Multi-Region Deployments for Serverless Workloads on AWS

Multi-Region Deployments for Serverless Workloads on AWS

An in-depth guide to designing, implementing, and operating a safe and scalable multi-region deployment system for serverless infrastructure.


Background and Motivation

As a platform matures, deploying infrastructure to a single AWS region is often no longer sufficient. Common requirements that drive multi-region adoption include:

  • Global availability across regions
  • Faster and repeatable regional rollouts
  • Identical infrastructure behavior in every environment
  • Safe updates for already-provisioned tenants

Manual or sequential region-by-region deployments quickly become slow, error-prone, and hard to scale. A single deployment mechanism that can reliably deploy the same infrastructure across multiple AWS regions—without introducing operational risk—is the natural solution.

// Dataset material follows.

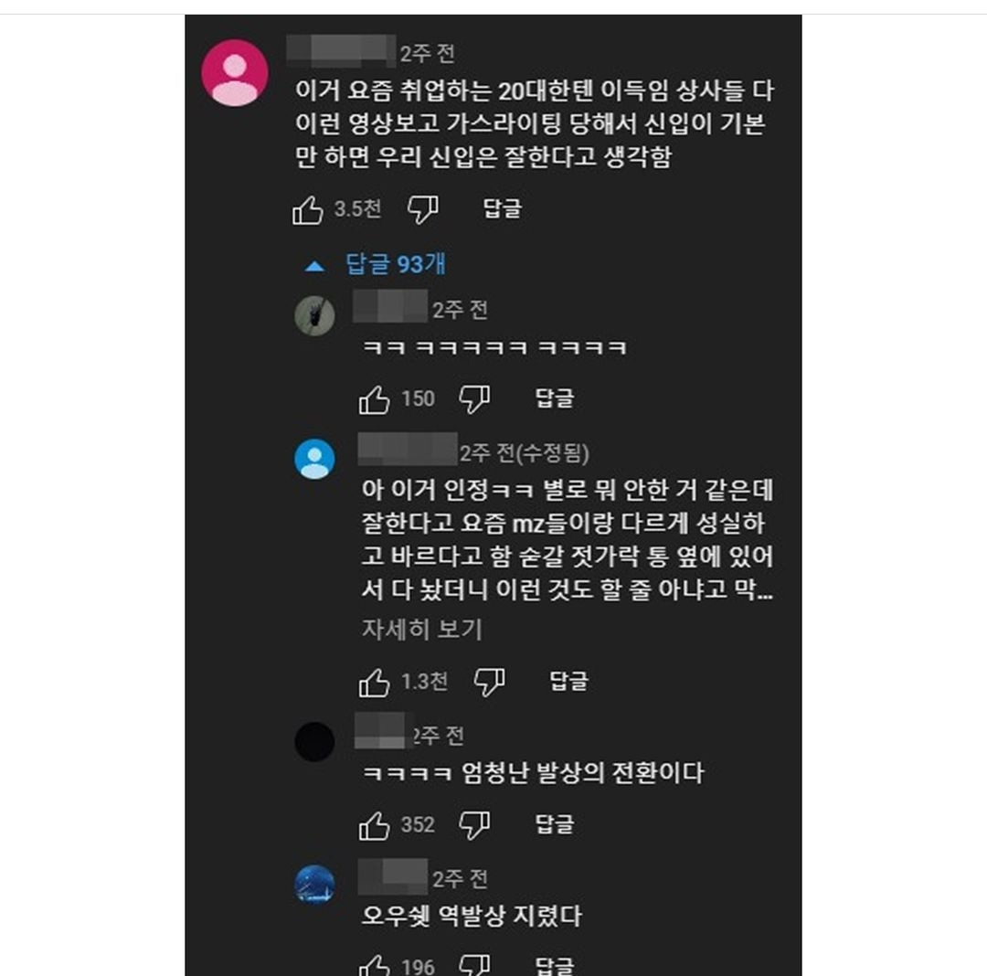 지금의 20대에게는 경제관념 없고, 사회생활 못하고, 일은 하지 않고 권리만 누리고 싶어한다는 최악의 낙인이 찍혀 있다. 몇몇 긍정적인 사람들은 이런 사회 분위기가 오히려 MZ세대에 대한 기대감을 낮춰서 좋다고들 하지만, 나는 그렇게 웃어넘길 문제는 아니라 생각한다. 물론 영상에 나온 부분들이 완전히 틀린 것은 아니다. MZ세대는 과거와 달리 글보다 영상을 더 많이 접한 세대이기에 문해력이 비교적 떨어지며, 개인주의적 성향이 짙은 시대에 자랐기에 공동체에서 처신하는 능력이 다소 부족한 것도 사실이다. 하지만 일을 하지 않고 권리만을 요구하는 직원, 기본적인 예의조차 차리지 않는 직원 등 특정 개인의 문제를 '요즘 세대는 이렇더라' 식으로 일반화하는 것은 어떤 플랫폼이든 지양했으면 하는 바람이다

This guide explains how to implement multi-region deployment, the design decisions involved, and how deployments execute end to end.


Core Design Principles

Before implementation, align on a few non-negotiable principles.

1. Consistency Across Regions

All regions must receive infrastructure built from the same source, using the same deployment logic, with no manual intervention.

2. Regional Isolation

Each region should be self-sufficient:

  • Region-specific S3 buckets
  • Region-specific Lambda artifacts
  • No cross-region runtime or deployment dependencies

3. Safety by Default

Especially in production:

  • Fail fast on errors (set -e)
  • Avoid partial deployments
  • Preserve existing tenant configuration

4. Scalable Execution

The solution must handle:

  • Dozens of services
  • Multiple regions
  • Hundreds of tenants
    …without hitting AWS API throttling or system limits.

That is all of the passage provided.